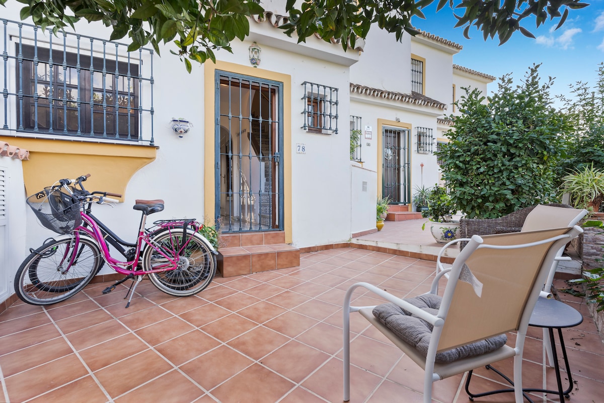 Welcome to this charming 2 bedroom, 2 bathroom townhouse, perfect for those seeking comfort, convenience, and a touch of luxury. With terraces to the front and back, you will have the perfect spots to soak up the sun, enjoy your morning coffee, or relax with family and friends in the evening. Surrounded by lush green areas and with access to beautiful communal pools, this home offers a tranquil escape.
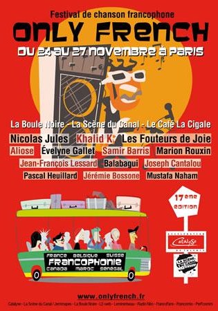 Pour sa 17ème édition, le festival « Only French » proposera cette année des formations en provenance de 3 continents : Europe (Belgique, France, Suisse), Afrique (Maroc, Sénégal) et Amérique (Canada). Avec un moteur plein de l’énergie la plus durable qui soit : la fraternité.Les jeudi 24, vendredi 25 et samedi 26 novembre, les concerts auront lieu à partir de 19 heures 15 à la « Boule Noire » et au café « La Cigale » qui se trouvent sur le boulevard Rochechouart, 120 et 124 (métro Anvers et Pigalle).
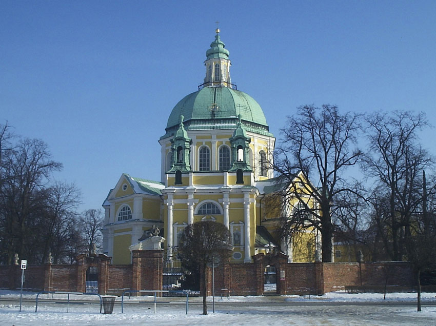 Polska wersja santa maria della salute, motywy portyków prezbiterium na planie kwadratu
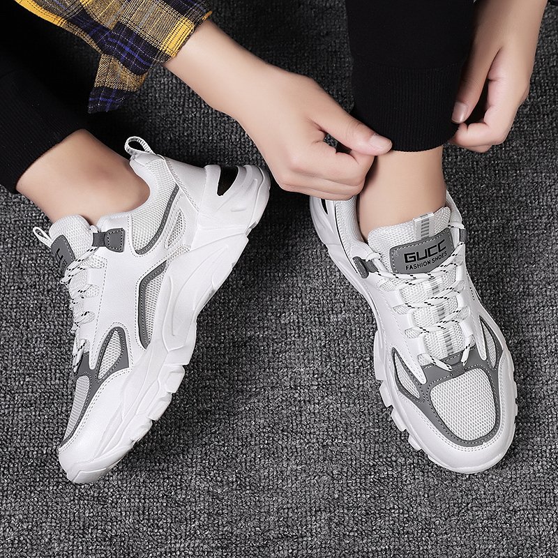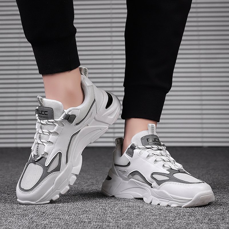 These trendy chunky sneakers feature a clean white base accented with subtle gray details, creating a sleek and modern urban look. The upper is crafted from premium breathable mesh and synthetic leather, ensuring durability and ventilation for long-lasting comfort. The thick rubber outsole offers excellent anti-slip and cushioning performance, providing stability and ease of movement in any situation. Perfect for daily commutes, casual wear, or street-style looks, these sneakers effortlessly complement any outfit, showcasing your fashion sense.
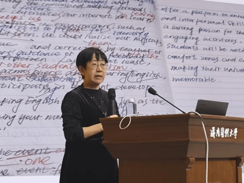 培训前,王老师通过问卷调查,精准把握学生在备考中的难点与薄弱环节,为后续精准指导奠定基础。针对普遍反映的听力与写作两大难点,她结合实例重点讲解,并借助互动激发学生参与热情。
------
**Directions for this task**: Copy out every line above, word for word, minus images.

**Answer to the problem**:
 Welcome to this charming 2 bedroom, 2 bathroom townhouse, perfect for those seeking comfort, convenience, and a touch of luxury. With terraces to the front and back, you will have the perfect spots to soak up the sun, enjoy your morning coffee, or relax with family and friends in the evening. Surrounded by lush green areas and with access to beautiful communal pools, this home offers a tranquil escape.
 Pour sa 17ème édition, le festival « Only French » proposera cette année des formations en provenance de 3 continents : Europe (Belgique, France, Suisse), Afrique (Maroc, Sénégal) et Amérique (Canada). Avec un moteur plein de l’énergie la plus durable qui soit : la fraternité.Les jeudi 24, vendredi 25 et samedi 26 novembre, les concerts auront lieu à partir de 19 heures 15 à la « Boule Noire » et au café « La Cigale » qui se trouvent sur le boulevard Rochechouart, 120 et 124 (métro Anvers et Pigalle).
 Polska wersja santa maria della salute, motywy portyków prezbiterium na planie kwadratu
 These trendy chunky sneakers feature a clean white base accented with subtle gray details, creating a sleek and modern urban look. The upper is crafted from premium breathable mesh and synthetic leather, ensuring durability and ventilation for long-lasting comfort. The thick rubber outsole offers excellent anti-slip and cushioning performance, providing stability and ease of movement in any situation. Perfect for daily commutes, casual wear, or street-style looks, these sneakers effortlessly complement any outfit, showcasing your fashion sense.
 培训前,王老师通过问卷调查,精准把握学生在备考中的难点与薄弱环节,为后续精准指导奠定基础。针对普遍反映的听力与写作两大难点,她结合实例重点讲解,并借助互动激发学生参与热情。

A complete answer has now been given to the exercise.